10. The system for expected human trajectory generation for teleoperation of claim 1, wherein the processor generates the expected human trajectory based on model predictive control (MPC).
11. A computer-implemented method for expected human trajectory generation for teleoperation, comprising:
generating a movement cost associated with movement of a robot appendage from a first state including a start position and a start pose to a second state including a goal position and a goal pose;
generating a joint cost associated with movement of joints of the robot appendage from the first state to the second state;
generating a smoothness cost associated with a velocity associated with movement of the robot appendage from the first state to the second state; and
generating an expected human trajectory based on the movement cost, the joint cost, and the smoothness cost.
12. The computer-implemented method for expected human trajectory generation for teleoperation of claim 11, comprising:
receiving an input from a human operator; and
controlling an actuator to move the robot appendage based on the expected human trajectory and the input from the human operator.
13. The computer-implemented method for expected human trajectory generation for teleoperation of claim 12, comprising controlling the actuator to move the robot appendage based on minimizing an offset between the expected human trajectory and a trajectory associated with the input from the human operator.
14. The computer-implemented method for expected human trajectory generation for teleoperation of claim 11, wherein the movement cost, the joint cost, and the smoothness cost are generated without using sensor feedback information from sensors associated with the robot appendage.
15. The computer-implemented method for expected human trajectory generation for teleoperation of claim 11, wherein the movement cost, the joint cost, and the smoothness cost are generated without using information indicative of a task or context associated with the first state, the start position, the start pose, the second state, the goal position, and the goal pose.
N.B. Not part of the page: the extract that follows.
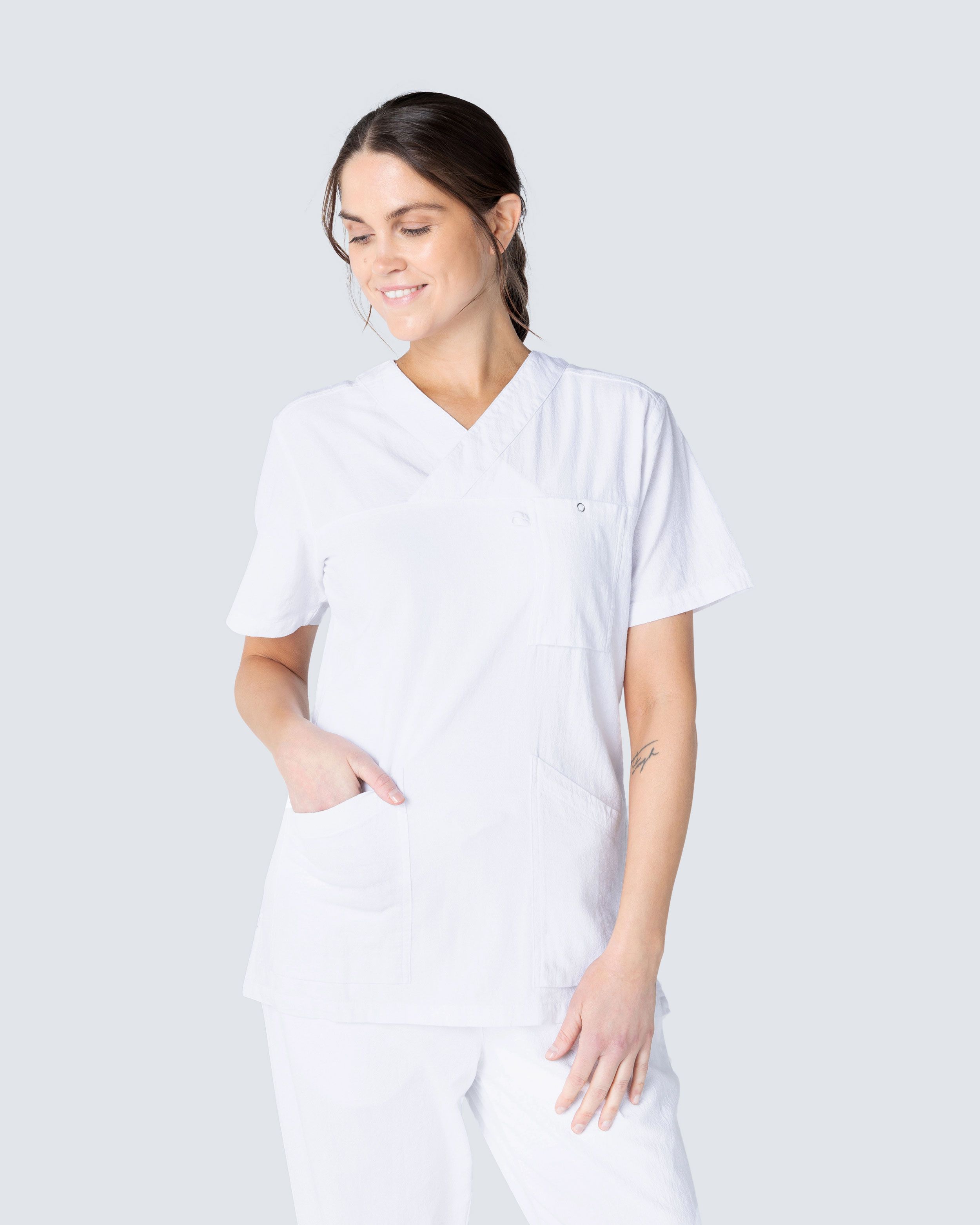 Tämän kokoelman vaatteet on valmistettu 100% poimutetusta puuvillasta, joka antaa miellyttävän tunteen. Rakenne auttaa vähentämään huollon tarvetta, kuten silitystä. Osa malliston vaatteista on GOTS-sertifioituja, mikä tarkoittaa, että puuvilla on 100% luonnonmukaista. Vaatteet voidaan pestä 60C ja 85C lämpötilassa, katso vaatteen ohjeet oikean pesuohjeen suhteen.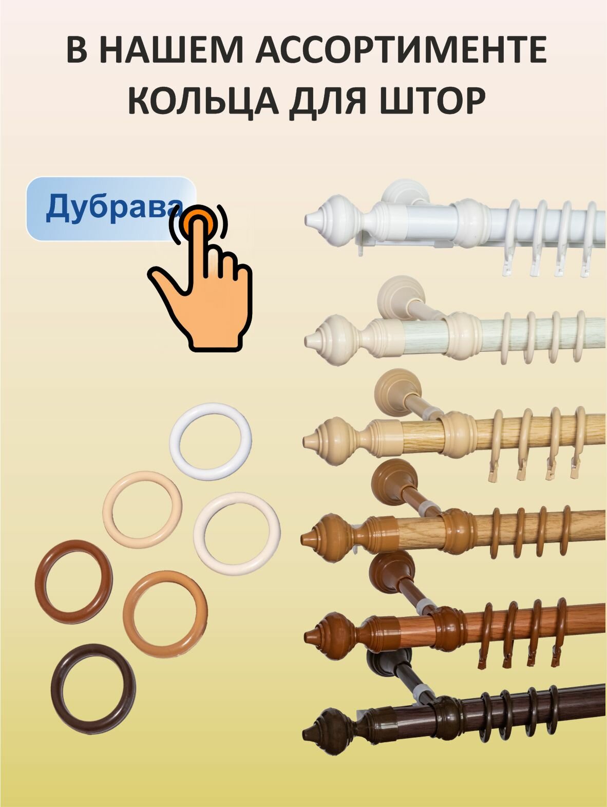 Кольца для карниза (дерево) с крючками на карниз д 28 мм-20шт

16. A system for expected human trajectory generation for teleoperation, comprising:
a control interface receiving an input from a human operator;
an actuator;
a memory storing one or more instructions;
a processor executing one or more of the instructions stored on the memory to perform:
generating a movement cost associated with movement of a robot appendage from a first state including a start position and a start pose to a second state including a goal position and a goal pose;
generating a joint cost associated with movement of joints of the robot appendage from the first state to the second state;
generating a smoothness cost associated with a velocity associated with movement of the robot appendage from the first state to the second state; and
generating an expected human trajectory based on the movement cost, the joint cost, and the smoothness cost; and
a controller controlling the actuator to move the robot appendage based on the expected human trajectory and the input from the human operator.
17. The system for expected human trajectory generation for teleoperation of claim 16, wherein the controller controls the actuator to move the robot appendage based on minimizing an offset between the expected human trajectory and a trajectory associated with the input from the human operator.
18. The system for expected human trajectory generation for teleoperation of claim 17, wherein the movement cost, the joint cost, and the smoothness cost are generated without using sensor feedback information from sensors associated with the robot appendage.
19. The system for expected human trajectory generation for teleoperation of claim 16, wherein the movement cost, the joint cost, and the smoothness cost are generated without using information indicative of a task or context associated with the first state, the start position, the start pose, the second state, the goal position, and the goal pose.
20. The system for expected human trajectory generation for teleoperation of claim 16, wherein the movement cost or the joint cost is generated based on a human arm skeletal model.